Daylight Saving: “Fall back” into a good sleep pattern

Thanks to smartphones and smart appliances, most electronics will automatically make the switch for daylight saving time.

But there’s a reason your body doesn’t adapt as easily as your gadgets. Nina Desai, MD, a family medicine physician on the medical staff at Baylor Scott & White Clinic – Austin North Burnet said good sleep is crucial to your health because it helps reset the body.

“We release hormones during sleep and it’s that release process that helps us focus and function at our very best later in the day,” she said.

While daylight saving time affects everyone differently, Desai said babies, young children and the elderly tend to feel the effects most. For them, she offers these tips to ease the transition:

  • About three days before the time change, try moving your bedtime 15-20 minutes later. This gradual change, along with delaying your wake time 15-20 minutes, can help decrease the symptoms of fatigue and irritability.
  • Try dimming the lights for about an hour after you wake up in the morning.
  • Avoid electronics and screen time on computers, tablets and phones. This can keep your body’s clock in check so you feel ready to wake up in the morning and ready for bed at night.
  • Get plenty of sleep leading up to the time change to avoid health and safety risks.
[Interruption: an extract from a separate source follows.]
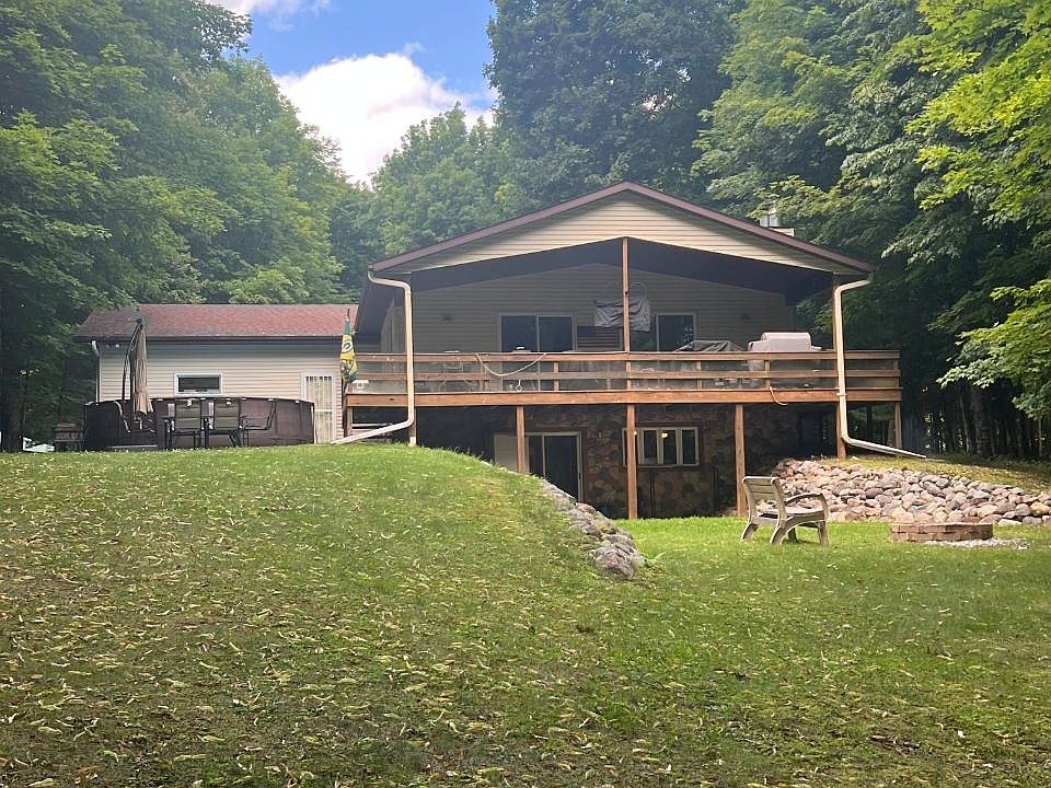 New Three Lakes Chain home on the market! 3 bedroom 2.5 bath, main level master bath, main level laundry, level sloping lot to the picturesque water views and wildlife. Home features all new kitchen "smart" appliances and new furnace. The home has a wrap around deck and patio with a bar in the lower level for easy entertaining. A warm cozy fireplace upstairs and a wood burning stove down for cool evenings. A luxurious master bath with jetted tub for relaxation and an oversized attached garage. All with over 100 feet of Three Lakes Chain frontage makes this a nice find!

Desai said it’s normal to feel a little bit tired for up to a week after a time change, but you should visit your doctor if fatigue persists.

“If you’re having trouble falling asleep, staying asleep or not feeling rested in the morning, don’t ignore these signs,” she said. “Visit your doctor to make sure you’re not suffering from an underlying sleep disorder, metabolic disorder, depression or anxiety.”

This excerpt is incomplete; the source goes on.